小小朱又爬到了凳子上,說道,「往南頭走,過了福建、兩廣,就是安南、真臘、暹羅、浡泥國了。那些地方都沒有冬天了,特別特別熱。咱爹說了,那裡人都曬黑了。」
沐麒這時候也說道,「咱雲南也不冷,大舅最喜歡吃的芒果,咱那裡許多!咱娘也說了,以後咱也要給大舅最好的芒果,咱爹總是在找芒果。」
「不找芒果,還有咱的小馬。」小小朱立刻反對,說道,「表哥,你當國公了,就給咱送小馬。」
這『大逆不道』,實在是讓人忍俊不禁。當然這也就是老朱心大,一點都不覺得他的重孫『大逆不道』或者是有什麼野心之類的,老朱覺得這一切都是很理所當然的。

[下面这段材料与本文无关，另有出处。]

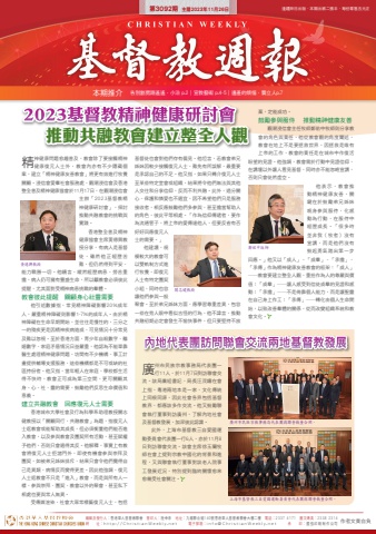 編輯及發行人:香港華人基督教聯會 督印人:陸幸泉 地址:九龍聯合道140號香港華人基督教聯會大樓二樓 電話:2337 4171 圖文傳真:2338 2314網 址:http://ChristianWeekly.net 電子郵箱:[email protected] 承 印:國強印刷制作公司 作者文責自負第3092期 主曆2023年11月26日 逢禮拜日出版.本期出紙二張半.每份零售五元正本期推介 告別劏房路遙遙.小沿 p.2∣宣教藝術 p.4-5∣遺產的煩惱.龔立人p.72023基督教精神健康研討會推動共融教會建立整全人觀內地代表團訪問聯會交流兩地基督教發展精神健康問題愈趨普及,教會除了要接觸精神健康復元人士外,教會內亦有不少隱藏個案,建立「精神健康友善教會」將更有效進行牧養關顧。浸信會愛羣社會服務處、觀潮浸信會及香港整全普及精神健康協會於11月17日,在觀潮浸信會主辦「2023基督教精神健康研討會」,探討推動共融教會的挑戰與實踐。香港整全普及精神健康協會主席黃德興教授分享,有病人是基督徒,雖然他正經歷苦難,但仍然得到平安、能力戰勝一切。他續言,縱然經歷病患、勞苦重擔,病人仍可擁有豐盛生命,所以籲教會必須彼此提醒,尤其面對受精神病患挑戰的羣體。教會彼此提醒 關顧身心社靈需要他引述數據指,常見精神障礙影響20%成年人,嚴重精神障礙則影響1-7%的成年人。由於精神障礙在生命早期開始,並往往是慢性的,三分之一的殘疾更是因精神疾病造成,可見情況十分常見及難以忽視。至於香港方面,青少年自殺數字、離婚數字、家庭矛盾情況日益嚴重,他認為不能單靠醫生處理精神健康問題,坊間有不少機構、事工計畫提供輔導支援服務,這些機構都是不可或缺的社區持份者。他又指,當年輕人在家庭、學校都生活得不快時,教會正可成為第三空間,更可關顧其身、心、社、靈的需要,鼓勵他們反思生命價值和意義。建立共融教會 回應復元人士需要香港城市大學社會及行為科學系助理教授關志健教授以「關顧同行,共融教會」為題,指復元人士返教會或能幫助其成長,但必須衡量他們能否進入教會,以及參與教會及團契所有活動,甚至賦權予他們,否則只會適得其反。他解釋,事實上有教會將復元人士拒諸門外,即使有機會參與崇拜及團契,如被弟兄姊妹排斥,結果只會令他們覺得自己是異類,病情反而變得更差。因此他強調,復元人士返教會不只是「進入」教會,而是與所有人一樣,參與崇拜、團契、教會以外的聚會,甚至私下相處也要與常人無異。受傳媒渲染,社會大眾常標籤復元人士,包括棄,定能成功。鼓勵參與服侍 推動精神健康友善觀潮浸信會主任牧師鄭佑中牧師則分享教會的角色與責任,他從教會觀的角度闡述,教會在地上不是要拯救世界,因拯救是唯有上帝的工作,教會的責任是在城市中作復活盼望的見證。他強調,教會需於行動中見證信仰,在講壇以外讓人看見基督,同時亦不能忽略宣講,否則只會徒然虛空。他表示,教會推動精神健康友善,關鍵在於鼓勵弟兄姊妹親身參與服侍,化感動為行動,在服侍中經歷成長。「很多時並非我(牧者)沒有宣講,而是他們沒有鼓起勇氣踏出第一步回應。」他又以「成人」、「成羣」、「承擔」、「承傳」作為精神健康友善教會的框架:「成人」──教會要建立整全人觀,重拾作為人的尊嚴與價值;「成羣」──讓人感受到信徒成羣的見證和感動;「承擔」──不是倚靠個人能力,而是讓聖靈在自己身上作工;「承傳」──轉化由個人生命開始,以致改善羣體的關係,從而改變組織系統和教會文化。基督徒也會對他們存有偏見。他坦言,若教會弟兄姊妹因較少接觸復元人士,難免有所誤解,最重要是承認自己的不足。他又指,如果只轉介復元人士至某些特定堂會或組織,結果將令他們無法與其他人交往和分享信仰,反而不利共融。此外,過分關心、保護和憐愛也不適宜,因不希望他們只是服務接收者,相反應鼓勵他們多參與,甚至擔當幫助人的角色,彼此平等相處。「作為信仰傳遞者,要作為流通管子,將上帝的愛傳達他人,但要反省有否好好回應復元人士的需要。」他建議,規模較大的教會可以雙軌制方式進行牧養,即復元人士有特定團契小組,同時也容讓他們參與一般聚會。至於弟兄姊妹方面,應學習尊重差異,包容一些在旁人眼中看似古怪的行為,他不諱言,推動共融初期必定會發生不愉快事件,但只要堅持不放廣州市民族宗教事務局代表團一行11人,於11月7日到訪聯會交流。該局黨組書記、局長汪茂鑄在會上指,粵港兩地本是一家,文化傳統上同根同源,因此社會各界包括基督教界,都應該多作交流。他又鼓勵聯會執行董事到訪廣州,了解內地社會及基督教發展,加深彼此認識。此外,上海市基督教三自愛國運動委員會代表團一行6人,亦於11月8日到訪聯會交流。該會主席徐玉蘭牧師在會上提到宗教中國化的背景和進程,又與聯會執行董事對談老人院事工發展近況,特別提到臨終關懷愈來愈備受社會關注。關志健教授鄭佑中牧師黃德興教授廣州市民族宗教事務局代表團與聯會執董合照。上海市基督教三自愛國運動委員會代表團與聯會執董合照。

朱曦這個時候則說道,「以前皇兄說秀才不出門全知天下事,咱以前是不信的。可是皇兄很小之時就能知曉這些事情,咱那時候還整日惦記著漂亮衣裳、華貴首飾。」
朱珠看了一眼侄女,驕傲說道,「你能知曉什麼?!你皇兄在你跟前,那是哄著你們幾個玩。以前母后親自教導英兒,英兒常常讓母后啞口無言,只能讓父皇、皇兄,或是翰林院的過來解惑。」
「皇帝有慧根,也善思考。」老朱驕傲無比,說道,「咱走南闖北好些年,有些事情也知道,就是不明白是咋個回事。皇帝看看書就知道,還能舉一反三。」
朱珠繼續驕傲無比,得意洋洋的看了看駙馬們,「都說父皇、母后偏寵英兒,要咱說也是應該。母后常說宋時最喜神童,只是咱英兒和那些個神童不一樣。咱英兒是天生要當皇帝的,懂得也都是治理天下的本事。」
「莫要瞎說,要不是你母后親自教導,他也沒這般出息。」老朱笑的更加開心了,說道,「英兒千般好,就是咱和你母后再教他,都是個沒帶兵本事的。」
朱玥湊趣,說道,「皇爺爺,這話可莫要在皇兄跟前說,要不他又要氣的吃不下飯。」
「爹治理天下啊!」小小朱雖然在和表哥表弟們鬧,只是還是說道,「咱以後當大將軍、大元帥,咱去打天下!到時候表哥和表弟都給咱當將軍,咱爹喜歡哪裡咱就去打哪裡!」
老朱笑著抱怨道,「英兒以前想當武皇帝,小時整天腰裡掛著小木刀,長大點就佩劍。旁人都是佩玉,就他整日想著武事。他是沒那個天賦,生了個兒子倒是有了天分,和他小時一個樣。」
朱珠理所當然的說道,「英兒有著皇兄的文才,太子這邊倒是有了父皇帶兵的本事。要咱說還是父皇前些年太忙了,英兒就是再沒天分,父皇也能教出來。太子整天跟在父皇跟前,這多出息!」
老朱笑著,看了看小小朱,「皇帝有些個見識,咱是跟不上。咱垠兒跟著他爹也能長見識,你們自個說說看,你們知道安南那邊沒個冬天?一年四季,咱是常理,那頭說是沒有冬天,還只有什麼個旱季、雨季,奇奇怪怪的東西也多。」
朱玥也說道,「咱以前只聽說嶺南有瘴氣,只是後來才知道那頭的冬日不冷。本來以為就是那邊是這般,只是沒有想到安南以南還要暖和。咱皇兄沒去過,全都知曉。」
「皇帝還是見微知著,只是從東瀛浪人那裡訊問消息,就斷出東瀛有大礦。」老朱更加驕傲,和尋常老人沒什麼兩樣,喜歡炫耀兒孫的成績,「如今咱大明再無白銀之憂,都是皇帝的本事!」
要說這是在拍馬屁也好、歌功頌德也罷,或者只是在簡單的陳述一些事實,這其實都沒有太大的關係。